Liquidity is defined as having the availability of a product or market to a large sustainable audience. This is not the exact definition, but it’s relevant for this discussion. Like almost any successful product in the world, the availability of a product in multiple scenarios is crucial to its success.
In the case of my company, it’s defined by the number of network participants using our platform. The more participants, the better and wider the availability of products on the platform. I am writing this article to focus on the importance of liquidity needed for the success of the new and exciting cryptocurrency market.
So let’s start by explaining how liquidity should be created. When you bring enough buyers and sellers into one market with a high level of participation and combine it with as much price transparency as possible, the result will create better liquidity. In an exchange framework, liquidity is measured by how narrow or wide the bid-ask spreads are. The narrower the spread, the higher the liquidity.
Another VERY important factor, and certainly the most important one in the maintenance of liquidity, are the market makers. These firms commit to support the market, regardless of the conditions it falls under. Market makers are rewarded by supporting the market and usually represent the group that also helps bring any issues to the market.
Not all market makers participate in an IPO, but the more market makers that do results in better stability and less volatility expressed in an issue.
Now let’s take this same scenario and apply it to the new ICO market, which is predominantly offered on the Ethereum platform. Much has been discussed about what an ICO (Initial Coin Offering) is, so I will not bore you with those details. What I want to address is the lack of liquidity in the ICO market.
This issue will haunt the Ethereum ICO market for some time until certain conditions appear that will support a liquid market on Ethereum. Without liquidity, the ICO market is basically a pump and dump scheme.
I am not suggesting that the ICOs are all like junk/penny stocks, but I will suggest that without enough liquidity, what we will see is great participation by buyers with no support from market makers and no buyers for cryptocoins that the ICO company wants to convert into flat cash.
Liquidity begets liquidity is one of the truths of this market. When one cryptocurrency draws good demand, more players come into the market and liquidity increases. The problem with the current ICO market is that there are too many currencies.
I recently read that there are more than one thousand cryptocurrencies. That would equal about one quarter of all the stocks in the U.S. It creates a sizable amount of issues and therefore provides even more incentive to create liquidity.
But as with stocks, they’re not all liquid, and the ones that are draw more participants. This is similar to real competition; Amazon has more liquidity than Blue Apron, for example, so liquidity, especially in Amazon’s particular market, could be a considerable competitive advantage.

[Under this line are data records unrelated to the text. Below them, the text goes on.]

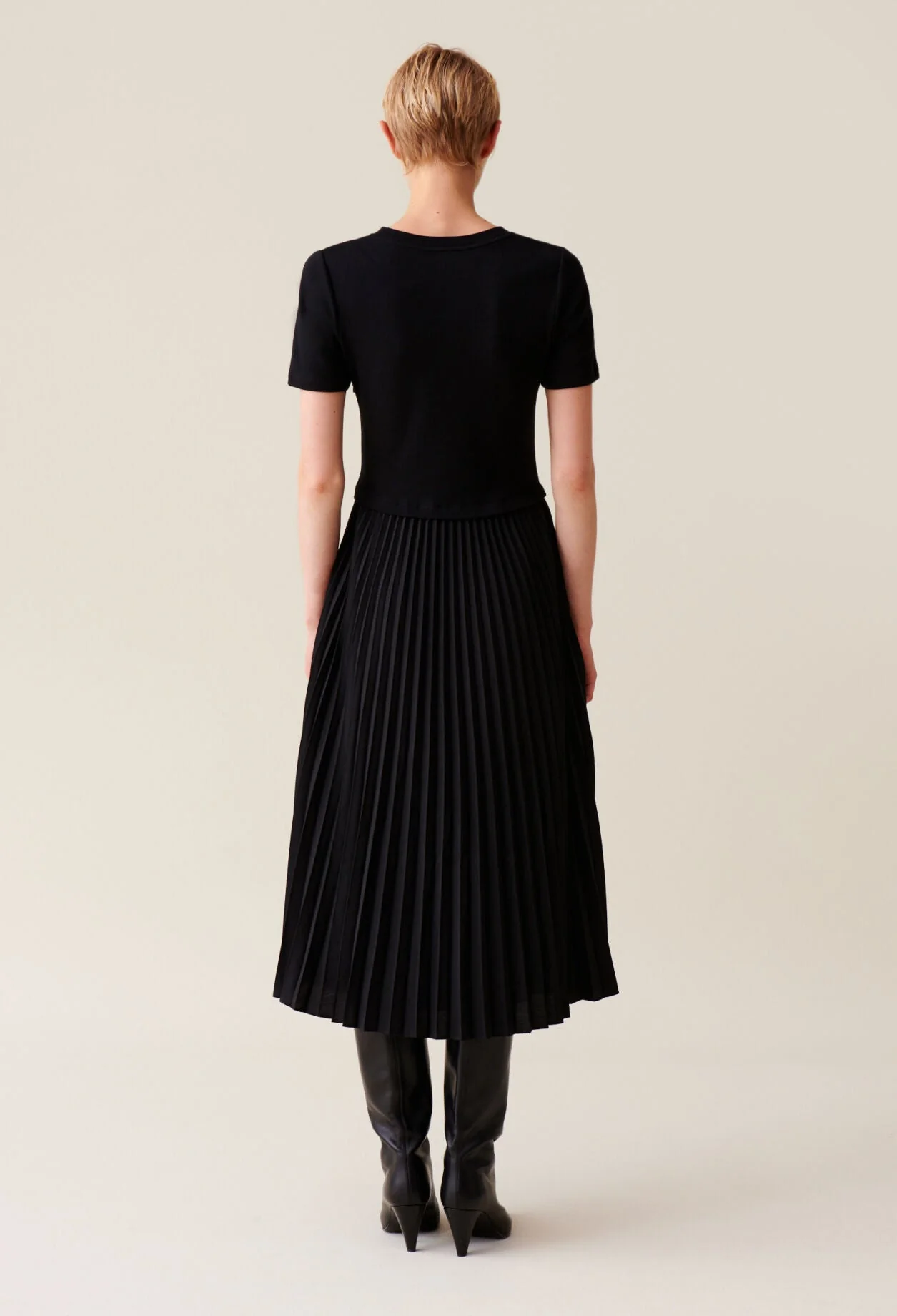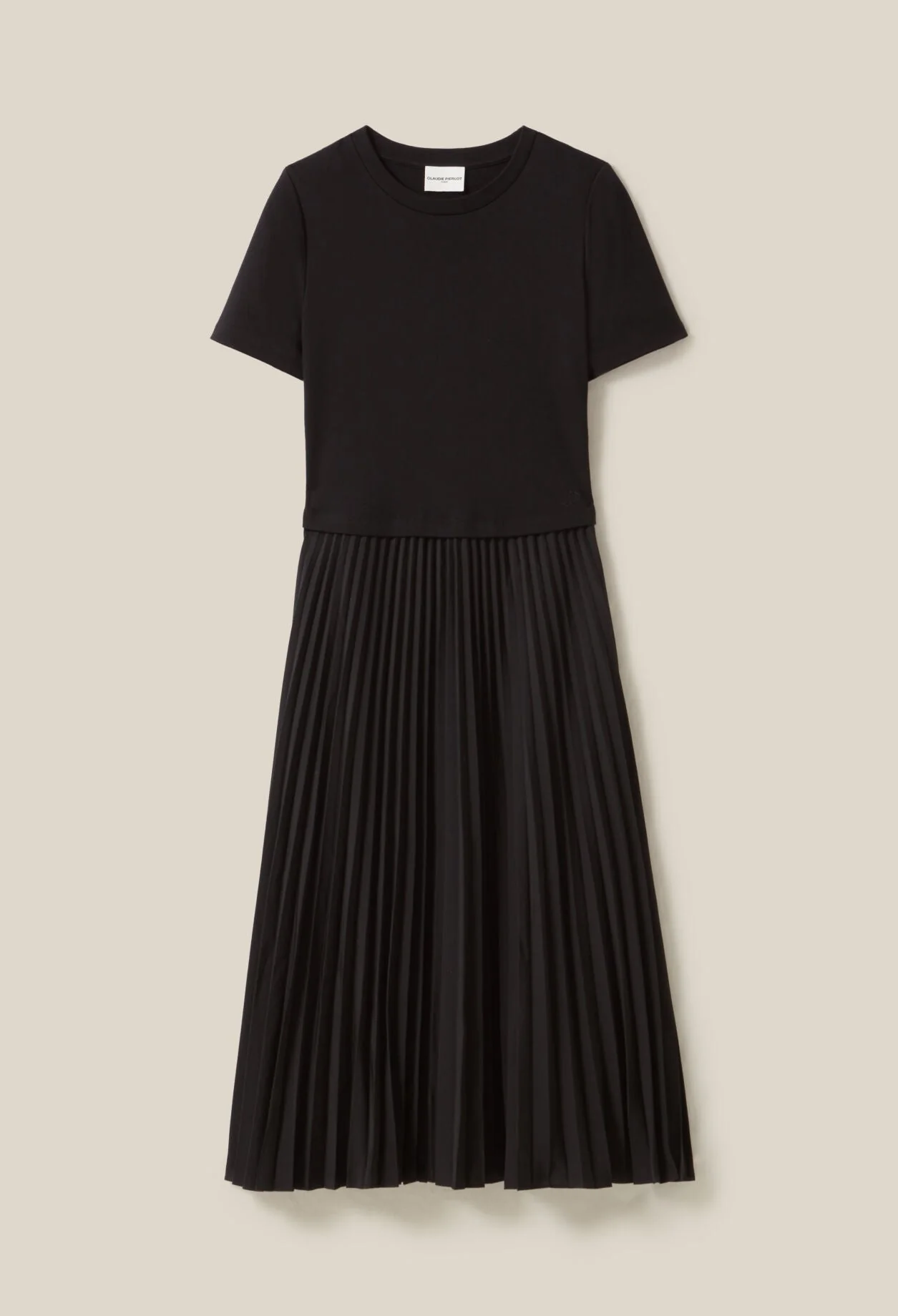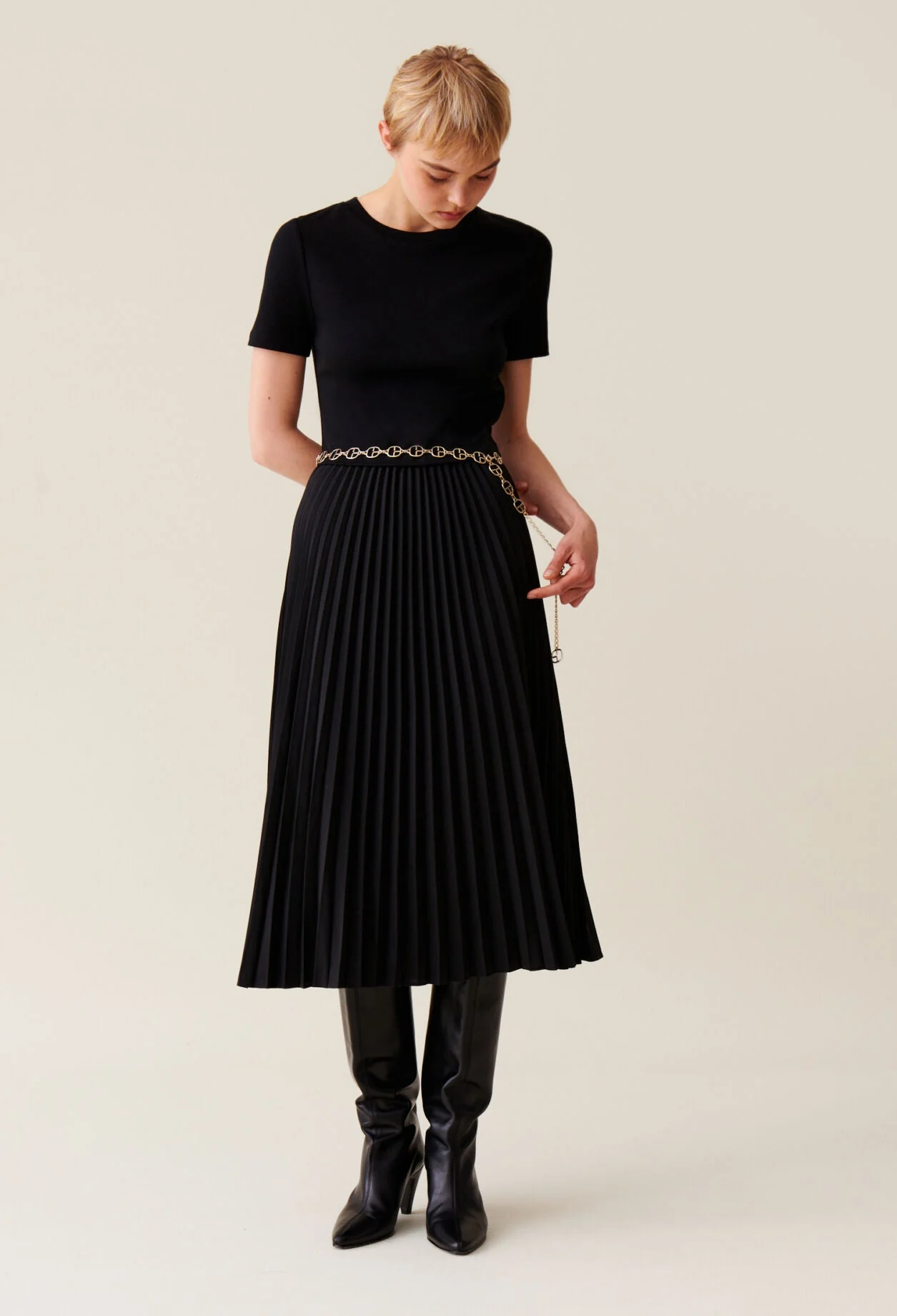 Vístete con un look de dos tejidos y un top tipo camiseta
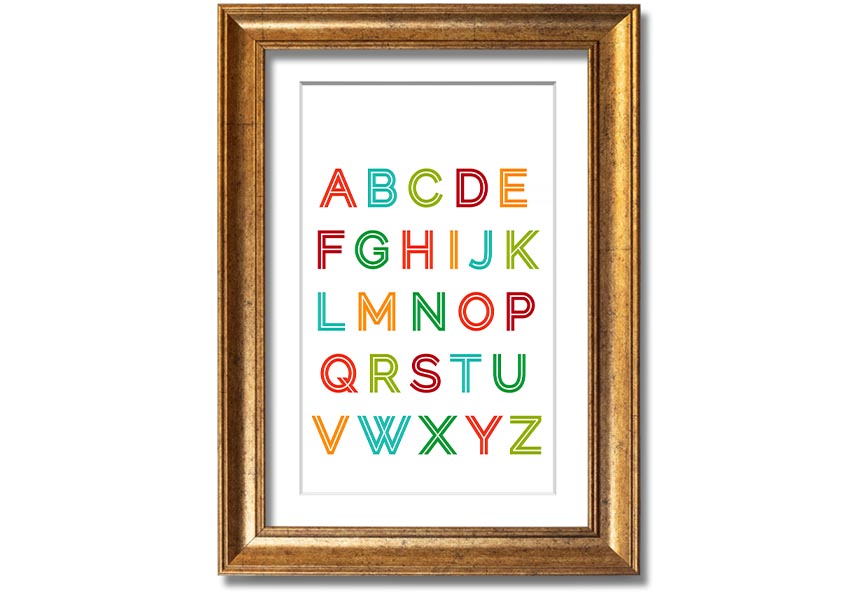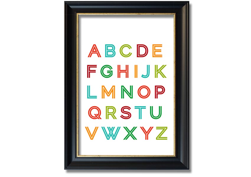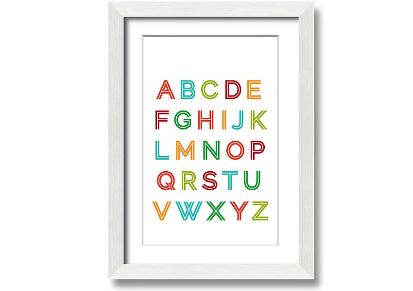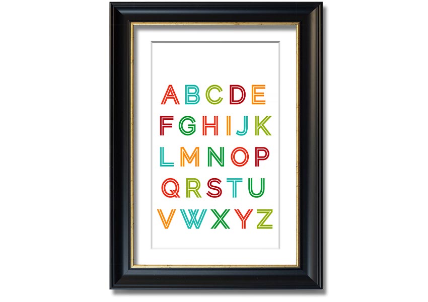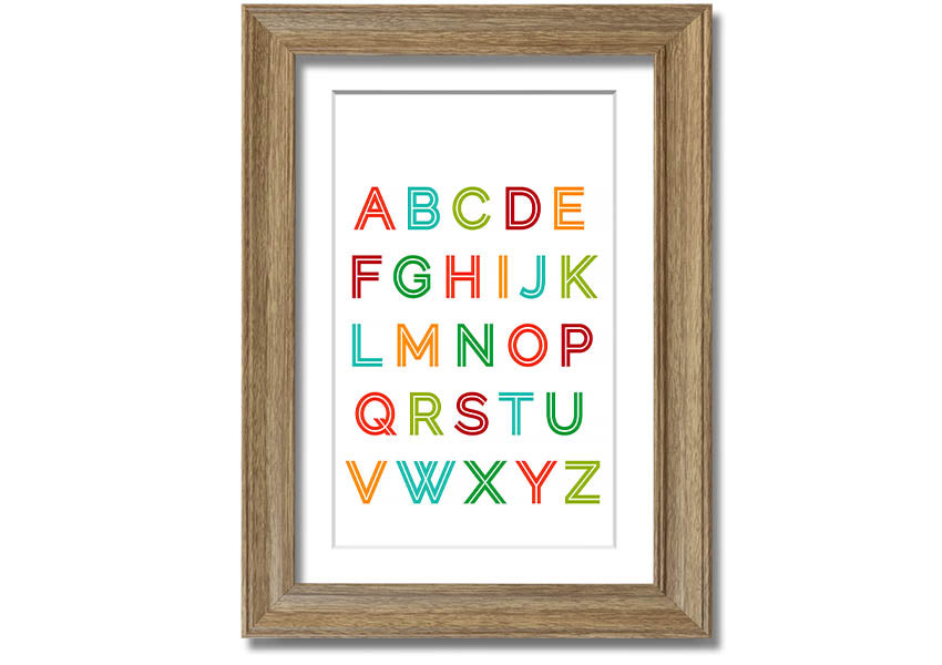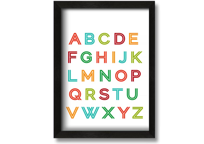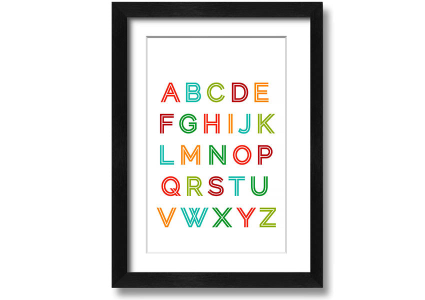 This framed print is an ideal choice for children's rooms, playrooms, or educational spaces. The colorful design not only brightens up the room but also encourages learning and engagement with the alphabet. Parents and educators alike will appreciate the dual purpose of this artwork, as it serves as both a decorative piece and a learning tool.
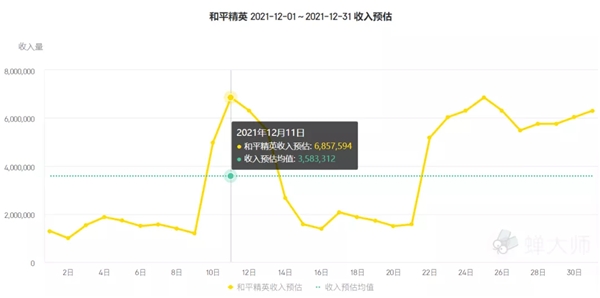 在收入維度,12月的游戲榜單發(fā)生了“驚人”的變化。根據(jù)蟬大師數(shù)據(jù)顯示,幾乎霸榜2021全年的《王者榮耀》被擠下了收入榜第一的寶座。
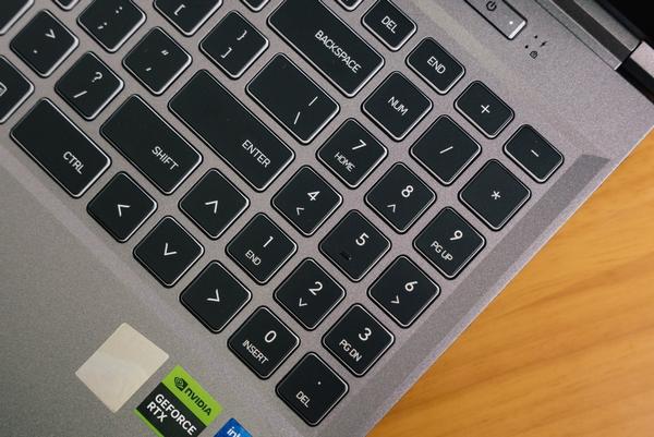顺带一提,机械革命极光Pro的小键盘设计颇有意思,原本的加减乘粗按键被移动到了右上角,取消了最右侧的小键盘回车键,同时方向键与小键盘共享空间,以确保方向键面积。
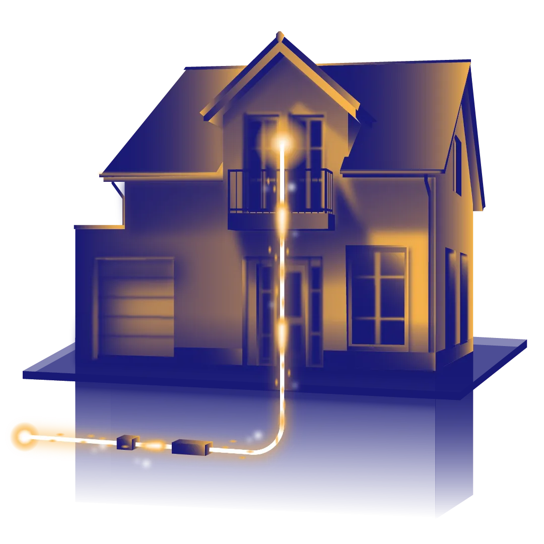 Nach der erfolgreichen Verlegung der Leitungen übernehmen wir auch die vollständige Glasfaser-Installation, bestehend aus der Hauseinführung, HÜP- und ONT-Montage sowie finaler Inbetriebnahme der gesamten Netzwerktechnik.
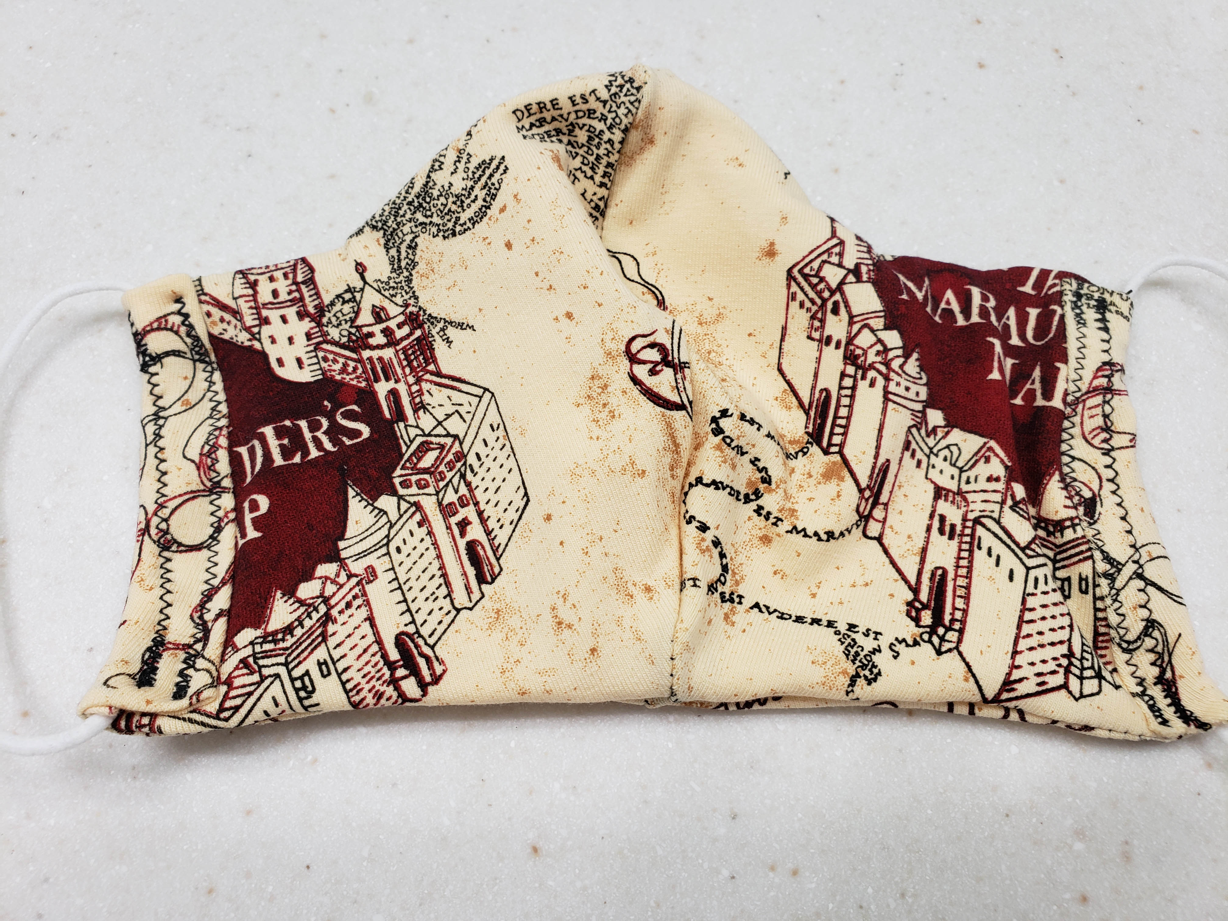 Handmade Facemasks crafted from fabric containing 100% cotton. This face mask features a Harry Potter Marauder's Mask Design that is Reversible.

Let’s figure out what will make the ICO market more liquid. Regulations are the top factor. Given the Ethereum platform and its unregulated ICOs, big players would never participate. Setting up the global framework for a regulated process to issue ICOs would be a big reason for liquidity.
Regulation would also bring legitimate market makers to the ICO market, and rules will need to be created for these participants. Although it may not be very good-natured in terms of competition, the global market for ICOs needs to consolidate around a small number of exchanges.
Folks, although it represents the distributed and non-governed process, Ethereum is not conducive to the creation of a liquid market. In order to hedge the ICO exposure, a derivatives market should be created for it.
I am sure regulation, market makers and the derivative markets were not initially in the minds of Ethereum creator Vitalik Buterin. But if this market wants to have longevity, it needs liquidity.